Change is coming: How can the sector prepare for Conservative rule?

The charitable and non-profit sector is bracing for what could be seismic change in Ottawa. But those who have steered foundations and charities through various changes in government warn against apocalyptic assumptions.

The charitable and non-profit sector is bracing for what could be seismic change in Ottawa. But those who have steered foundations and charities through various changes in government warn against apocalyptic assumptions.


It doesn’t take a degree in political science or a deep dive into the electoral tea leaves to sense that change appears to be on the way.

Poll after poll, like single snowflakes becoming a blizzard, has shown Pierre Poilievre’s Conservatives leading Justin Trudeau’s Liberals by double digits in federal voting preference. Trudeau has not led in a nationally recognized poll since February 2023, and most polls show Poilievre sits in majority territory with an election set for autumn 2025 – if not sooner.

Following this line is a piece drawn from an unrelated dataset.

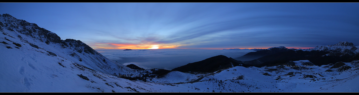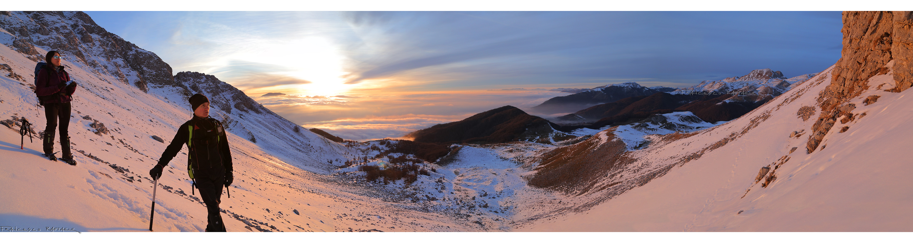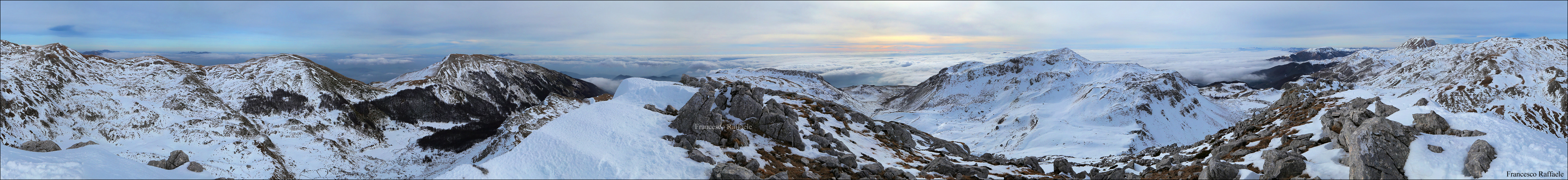 Panorama a 360° dal Cavallo, sulle Mainarde e Meta, quest'inverno con innevamento desolante e preoccupante (clicca)
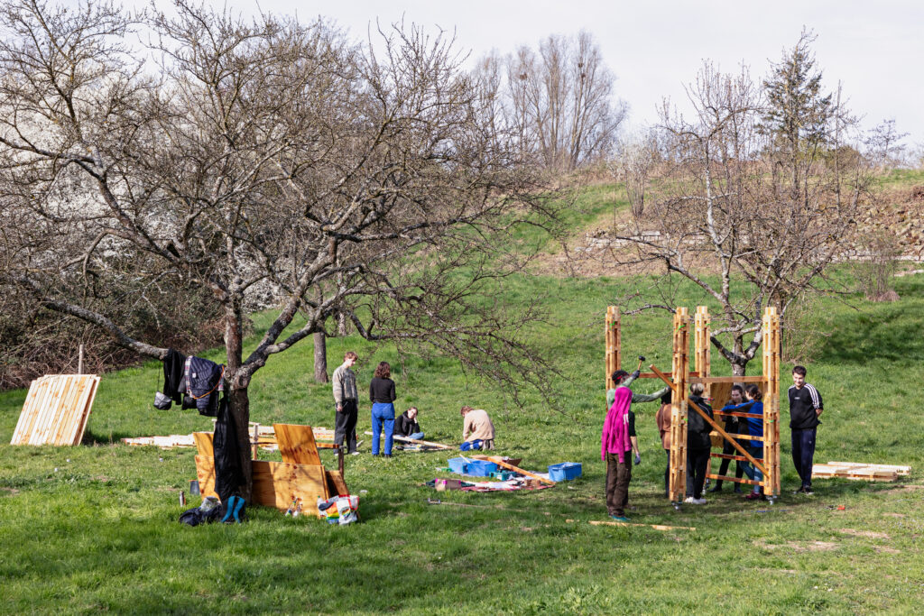 Die Umsetzung erfolgte in enger Zusammenarbeit mit den Lehrstühlen für Bildende Kunst, Konstuktion und Entwerfen sowie Tragwerksplanung am KIT. Da auf die Verwendung von Primärrohstoffen weitestgehend verzichtet werden sollte, wurde für den Bau recyceltes Altholz verwendet, das zum Teil von Anwohner/-innen der Wiese gespendet wurde.

The charitable and non-profit sector is bracing for the change. Leaders are engaging with those who have been insiders in previous Conservative governments, looking for insights in dealing with what could be seismic change. Is this a freight train bearing down on the sector? Should leaders be girding for the onset of the Dark Ages in which their best work will be devalued? How should it prepare for change?

There’s no denying there is angst out there, but those who have steered foundations and charities through various changes in government warn against apocalyptic assumptions and are confident that no change in government will get in the way of good work being done for the vulnerable. They cite past examples of breakthroughs – some quite surprising – under Conservative governments that have defied stereotypical expectations. There is a need to be vigilant but no need for high anxiety, they say.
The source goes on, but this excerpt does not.